Curull V, Orozco-Levi M, Moyes D, Balcells E, Palacio J, Lloreta J, Broquetas J M
Servei de Pneumologia. Unitat d'Endoscòpia Respiratòria. Hospital del Mar. Barcelona. España.
Arch Bronconeumol. 2002 Nov;38(11):515-22. doi: 10.1016/s0300-2896(02)75280-0.
The epithelium and airway smooth muscles of patients with chronic obstructive pulmonary disease (COPD) or bronchial asthma undergo certain structural changes that are probably related to increased expression of inflammatory molecules and cell growth factors. Studying the relation between disease and changes in bronchial smooth muscle is difficult if investigation is restricted to samples from autopsies or thoracotomies. This study was designed to evaluate the probability of obtaining bronchial smooth muscle by endoscopic bronchial biopsy in patients with COPD and from individuals with normal lung function, the relation of disease to bronchial epithelial histology, and the potential usefulness of studying airway muscle remodeling events.
Forty-two patients undergoing diagnostic fiberoptic bronchoscopy were enrolled. Bronchial biopsies were taken systematically from the lobar and segmental dividing ridges. The epithelial structure was analyzed by conventional histology. The smooth muscle was identified by immunohistochemistry (anti-desmin antibody assay) and Western-blot analysis (anti-desmin, actin and myosin antibodies).

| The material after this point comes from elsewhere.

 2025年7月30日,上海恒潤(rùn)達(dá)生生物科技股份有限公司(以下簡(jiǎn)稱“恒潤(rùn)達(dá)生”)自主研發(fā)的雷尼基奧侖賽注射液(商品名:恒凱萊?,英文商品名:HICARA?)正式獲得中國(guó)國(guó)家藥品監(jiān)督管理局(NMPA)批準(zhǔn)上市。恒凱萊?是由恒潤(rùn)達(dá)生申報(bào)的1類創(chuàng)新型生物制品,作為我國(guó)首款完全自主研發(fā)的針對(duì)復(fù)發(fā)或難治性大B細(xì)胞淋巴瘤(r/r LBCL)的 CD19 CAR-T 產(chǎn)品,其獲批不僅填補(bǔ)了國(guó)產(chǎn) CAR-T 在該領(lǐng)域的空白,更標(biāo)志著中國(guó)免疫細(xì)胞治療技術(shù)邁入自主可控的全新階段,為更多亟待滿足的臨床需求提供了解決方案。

Sixty-nine percent of the biopsies contained bronchial smooth muscle. The probability of obtaining smooth muscle was higher in segmental than in lobar biopsies (72 vs 30%, p < 0.05). This probability was unrelated to the presence of COPD or to signs of epithelial inflammation. The fragments allowed us to use electrophoresis to identify protein structures (myosin, actin, desmin) involved in muscle remodeling processes.

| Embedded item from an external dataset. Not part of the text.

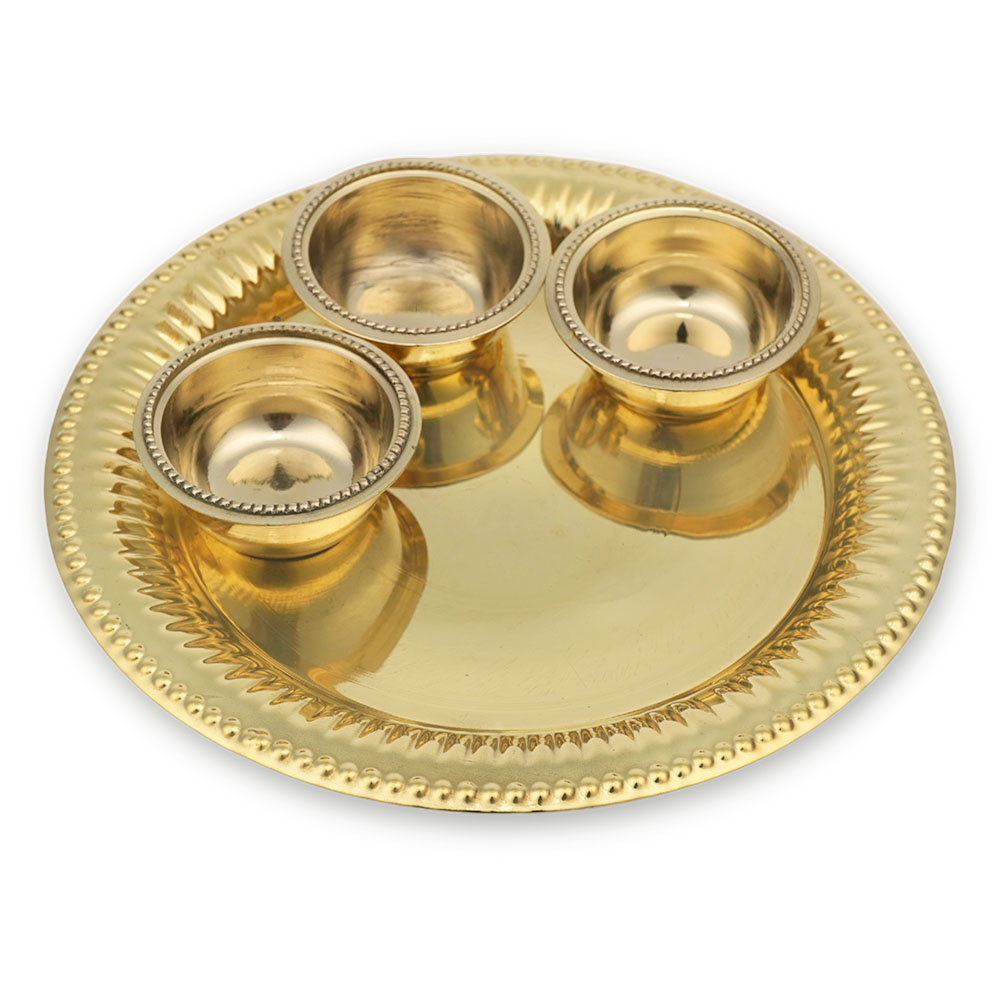 A gleaming tray in golden brass holds three beautiful bowls in which you can keep anointing powders such as haldi (Turmeric), kumkum (Vermilion), chandan (Sandalwood), rice grains or sweet offerings for your favorite gods and goddesses.

Endoscopic biopsy of the bronchi allows us to obtain bronchial smooth muscle samples in a large percentage of patients, particularly when performed on segmental bronchi. The technique may be useful for future studies examining the processes of airway smooth muscle remodeling.

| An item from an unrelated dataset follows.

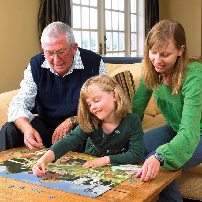 Predstavljamo edinstvene družinske sestavljanke Cobble Hill. Ta sestavljanka vsebuje tri različne velikosti kosov - majhni, srednji in veliki, kar omogoča udobno sestavljanje za vse člane družine.

慢性阻塞性肺疾病(COPD)或支气管哮喘患者的上皮和气道平滑肌会发生某些结构变化,这可能与炎症分子和细胞生长因子表达增加有关。如果研究仅限于尸检或开胸手术的样本,那么研究疾病与支气管平滑肌变化之间的关系就很困难。本研究旨在评估通过内镜支气管活检从COPD患者和肺功能正常个体中获取支气管平滑肌的可能性、疾病与支气管上皮组织学的关系以及研究气道肌肉重塑事件的潜在用途。
纳入42例行诊断性纤维支气管镜检查的患者。从叶间和段间嵴系统地采集支气管活检标本。通过传统组织学分析上皮结构。通过免疫组织化学(抗结蛋白抗体检测)和蛋白质印迹分析(抗结蛋白、肌动蛋白和肌球蛋白抗体)鉴定平滑肌。
69%的活检标本含有支气管平滑肌。段支气管活检获取平滑肌的概率高于叶支气管活检(72%对30%,p<0.05)。该概率与COPD的存在或上皮炎症迹象无关。这些组织碎片使我们能够利用电泳鉴定参与肌肉重塑过程的蛋白质结构(肌球蛋白、肌动蛋白、结蛋白)。
支气管内镜活检能在很大比例的患者中获取支气管平滑肌样本,尤其是在段支气管进行活检时。该技术可能对未来研究气道平滑肌重塑过程有用。